Starting at the line that contains "Above are 24" and stopping after the line that contains "一隻橘色小奶貓打算從牆角發動", transcribe the listing below exactly; do not include any pictures.

Extracted entries ::
────────

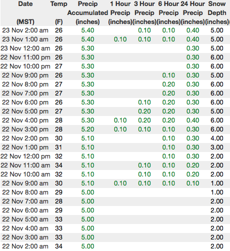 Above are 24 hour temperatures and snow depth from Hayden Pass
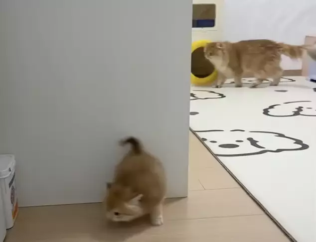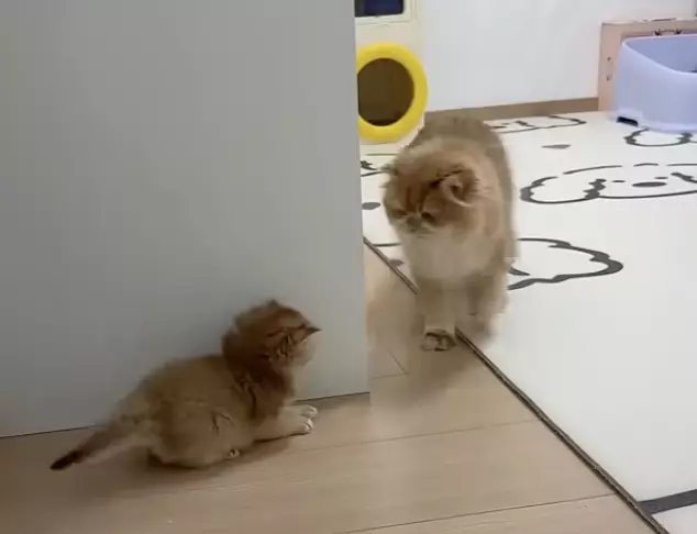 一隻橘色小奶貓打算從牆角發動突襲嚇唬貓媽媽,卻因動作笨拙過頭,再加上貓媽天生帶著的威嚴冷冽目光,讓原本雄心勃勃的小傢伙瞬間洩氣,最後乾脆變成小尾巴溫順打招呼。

────────

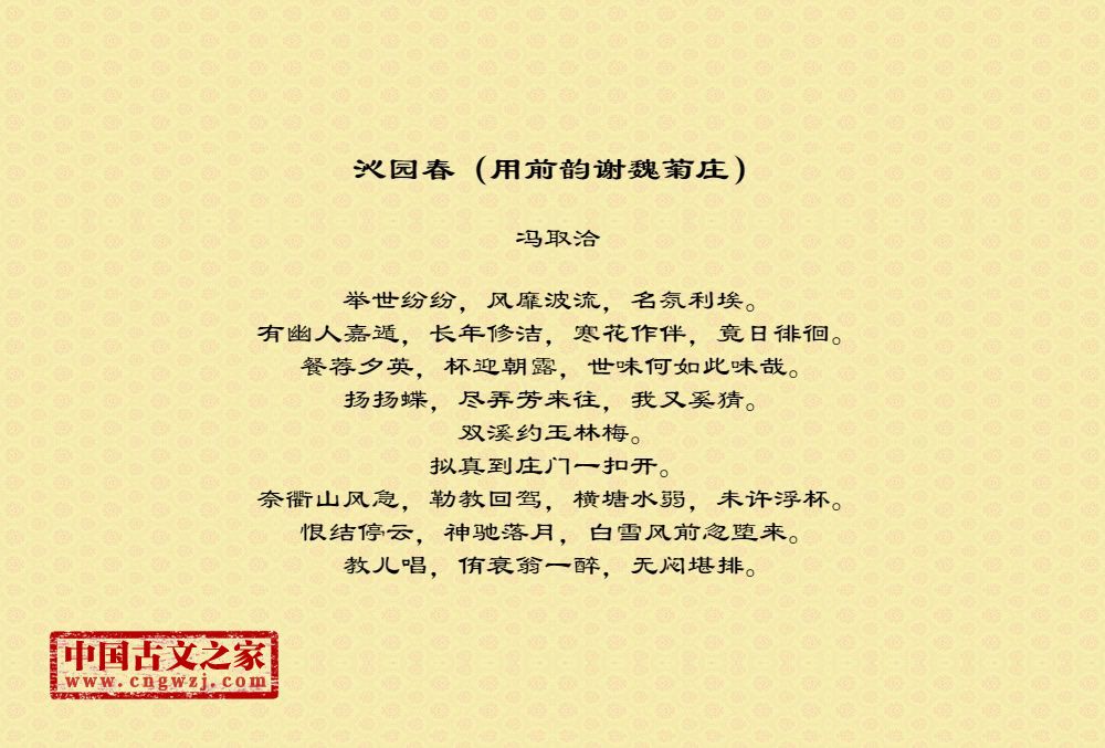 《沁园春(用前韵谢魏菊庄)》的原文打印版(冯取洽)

────────

Response ::
 Above are 24 hour temperatures and snow depth from Hayden Pass
 一隻橘色小奶貓打算從牆角發動突襲嚇唬貓媽媽,卻因動作笨拙過頭,再加上貓媽天生帶著的威嚴冷冽目光,讓原本雄心勃勃的小傢伙瞬間洩氣,最後乾脆變成小尾巴溫順打招呼。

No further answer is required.